##### SOURCE INFORMATION

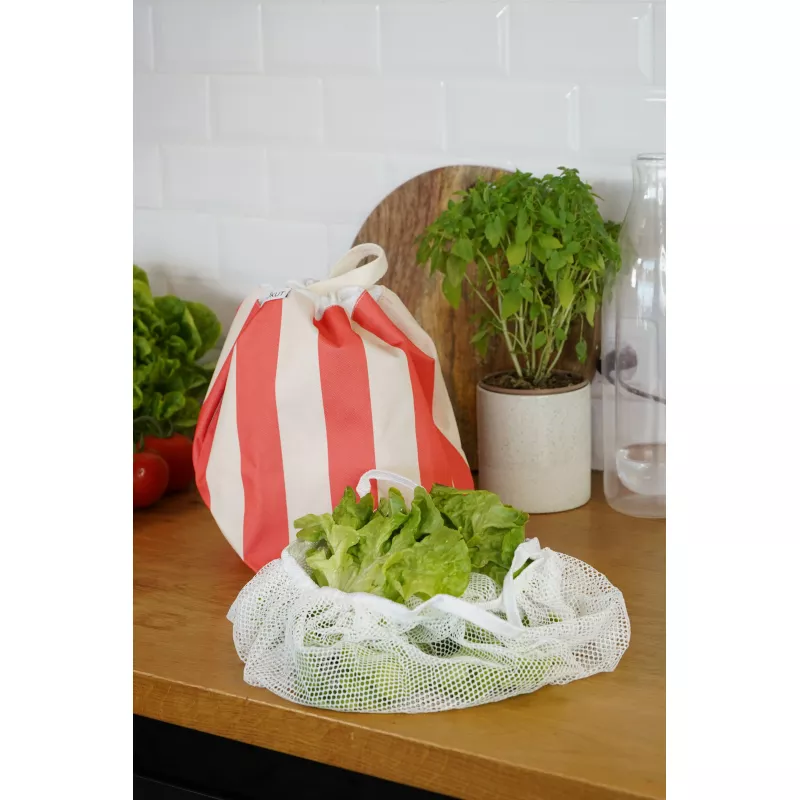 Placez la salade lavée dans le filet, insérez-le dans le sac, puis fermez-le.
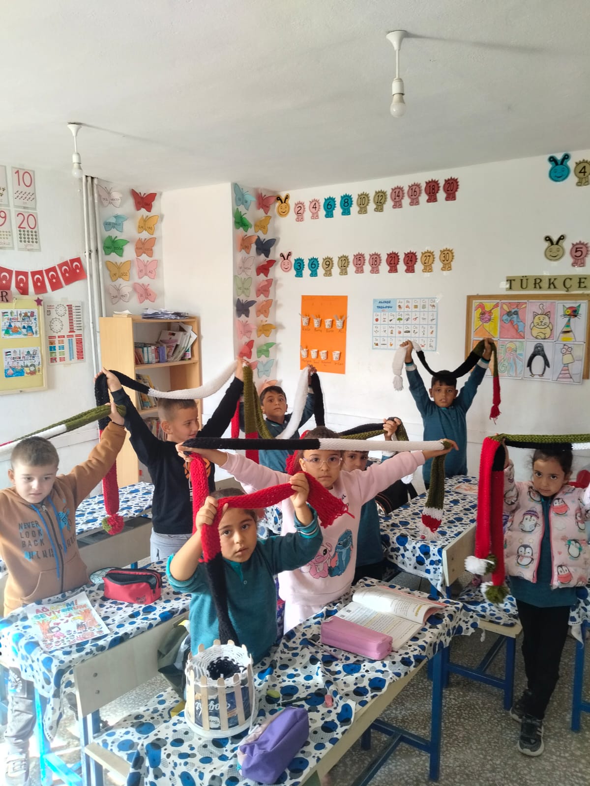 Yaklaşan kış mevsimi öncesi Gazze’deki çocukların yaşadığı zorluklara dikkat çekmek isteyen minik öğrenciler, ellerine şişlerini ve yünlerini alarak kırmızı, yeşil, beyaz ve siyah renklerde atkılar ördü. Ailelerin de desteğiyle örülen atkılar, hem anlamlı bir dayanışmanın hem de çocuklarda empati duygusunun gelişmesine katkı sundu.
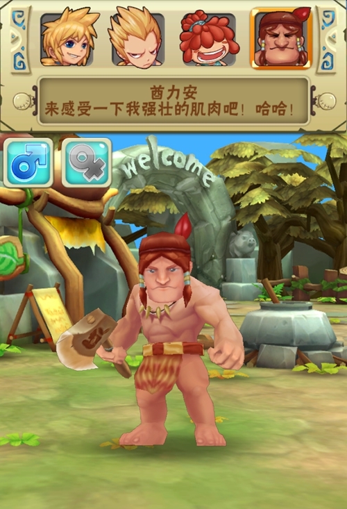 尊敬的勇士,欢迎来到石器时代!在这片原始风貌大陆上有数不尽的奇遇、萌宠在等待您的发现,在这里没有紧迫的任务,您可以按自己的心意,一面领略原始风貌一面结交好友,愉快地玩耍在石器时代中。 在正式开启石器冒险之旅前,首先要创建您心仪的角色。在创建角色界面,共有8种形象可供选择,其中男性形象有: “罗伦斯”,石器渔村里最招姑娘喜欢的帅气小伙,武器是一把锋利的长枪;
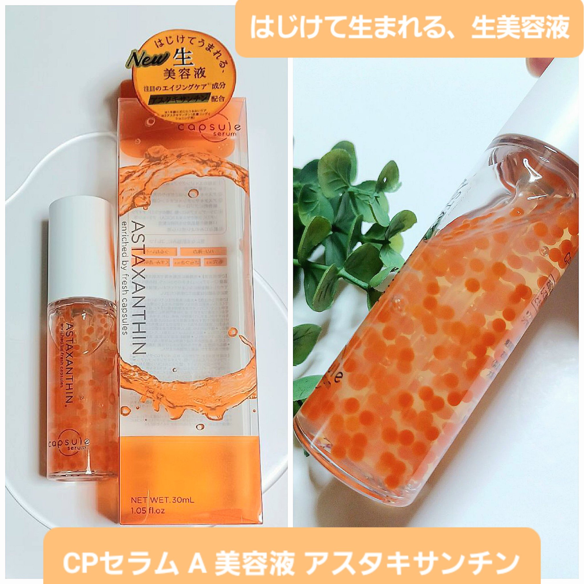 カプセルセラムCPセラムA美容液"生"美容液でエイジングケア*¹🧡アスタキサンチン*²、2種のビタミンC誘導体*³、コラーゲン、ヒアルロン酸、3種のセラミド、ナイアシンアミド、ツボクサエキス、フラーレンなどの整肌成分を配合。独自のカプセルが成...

##########
##### SOURCE INFORMATION

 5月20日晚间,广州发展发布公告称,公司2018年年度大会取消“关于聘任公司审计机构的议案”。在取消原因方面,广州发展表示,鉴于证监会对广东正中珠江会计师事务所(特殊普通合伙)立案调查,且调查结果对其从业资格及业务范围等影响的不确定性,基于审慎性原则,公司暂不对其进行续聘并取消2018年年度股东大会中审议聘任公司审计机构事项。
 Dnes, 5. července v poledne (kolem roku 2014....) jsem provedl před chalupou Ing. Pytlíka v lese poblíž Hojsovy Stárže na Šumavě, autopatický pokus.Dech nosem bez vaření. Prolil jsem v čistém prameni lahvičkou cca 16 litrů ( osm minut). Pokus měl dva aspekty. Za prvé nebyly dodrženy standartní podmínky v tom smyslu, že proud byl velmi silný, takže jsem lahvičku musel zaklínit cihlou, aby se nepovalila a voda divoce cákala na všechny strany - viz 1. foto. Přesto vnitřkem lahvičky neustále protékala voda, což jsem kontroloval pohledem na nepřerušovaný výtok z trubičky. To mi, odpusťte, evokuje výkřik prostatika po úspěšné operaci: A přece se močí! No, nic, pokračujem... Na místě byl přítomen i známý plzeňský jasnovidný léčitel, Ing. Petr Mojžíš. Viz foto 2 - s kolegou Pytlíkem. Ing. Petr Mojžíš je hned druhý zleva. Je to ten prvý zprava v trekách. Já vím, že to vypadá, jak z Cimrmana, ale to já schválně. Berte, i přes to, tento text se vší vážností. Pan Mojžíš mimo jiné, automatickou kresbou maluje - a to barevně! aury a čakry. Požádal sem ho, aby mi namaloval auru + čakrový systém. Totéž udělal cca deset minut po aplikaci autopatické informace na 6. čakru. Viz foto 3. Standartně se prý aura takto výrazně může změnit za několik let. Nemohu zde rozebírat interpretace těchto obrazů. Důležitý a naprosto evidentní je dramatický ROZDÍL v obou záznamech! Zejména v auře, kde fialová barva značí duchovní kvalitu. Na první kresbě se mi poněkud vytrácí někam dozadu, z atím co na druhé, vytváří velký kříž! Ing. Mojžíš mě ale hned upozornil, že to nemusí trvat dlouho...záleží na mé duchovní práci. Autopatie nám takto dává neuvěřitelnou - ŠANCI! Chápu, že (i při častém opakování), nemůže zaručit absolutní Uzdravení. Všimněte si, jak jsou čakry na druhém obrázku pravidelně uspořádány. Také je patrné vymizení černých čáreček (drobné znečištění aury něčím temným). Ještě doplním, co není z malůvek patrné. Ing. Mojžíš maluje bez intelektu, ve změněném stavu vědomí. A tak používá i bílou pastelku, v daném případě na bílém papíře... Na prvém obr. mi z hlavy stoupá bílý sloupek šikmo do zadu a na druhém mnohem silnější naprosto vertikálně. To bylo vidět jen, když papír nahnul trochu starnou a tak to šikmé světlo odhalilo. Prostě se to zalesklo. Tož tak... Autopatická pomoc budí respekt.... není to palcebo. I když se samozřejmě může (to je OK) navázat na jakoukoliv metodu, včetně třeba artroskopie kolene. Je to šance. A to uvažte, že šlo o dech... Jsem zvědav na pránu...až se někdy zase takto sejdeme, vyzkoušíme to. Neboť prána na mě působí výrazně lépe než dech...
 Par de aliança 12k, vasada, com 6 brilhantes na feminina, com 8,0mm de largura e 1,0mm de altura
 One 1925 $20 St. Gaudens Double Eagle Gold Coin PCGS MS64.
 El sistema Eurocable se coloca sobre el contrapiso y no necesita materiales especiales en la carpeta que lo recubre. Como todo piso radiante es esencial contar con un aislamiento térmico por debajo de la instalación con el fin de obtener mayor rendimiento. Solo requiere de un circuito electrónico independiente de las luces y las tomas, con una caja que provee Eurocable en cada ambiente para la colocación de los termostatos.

##########

- [PROBLEM DETAILS] Reproduce exactly, with no pictures, the lines above from the one holding "Placez la salade" to the one holding "Yaklaşan kış mevsimi", inclusive.

- [PROBLEM SOLUTION]
 Placez la salade lavée dans le filet, insérez-le dans le sac, puis fermez-le.
 Yaklaşan kış mevsimi öncesi Gazze’deki çocukların yaşadığı zorluklara dikkat çekmek isteyen minik öğrenciler, ellerine şişlerini ve yünlerini alarak kırmızı, yeşil, beyaz ve siyah renklerde atkılar ördü. Ailelerin de desteğiyle örülen atkılar, hem anlamlı bir dayanışmanın hem de çocuklarda empati duygusunun gelişmesine katkı sundu.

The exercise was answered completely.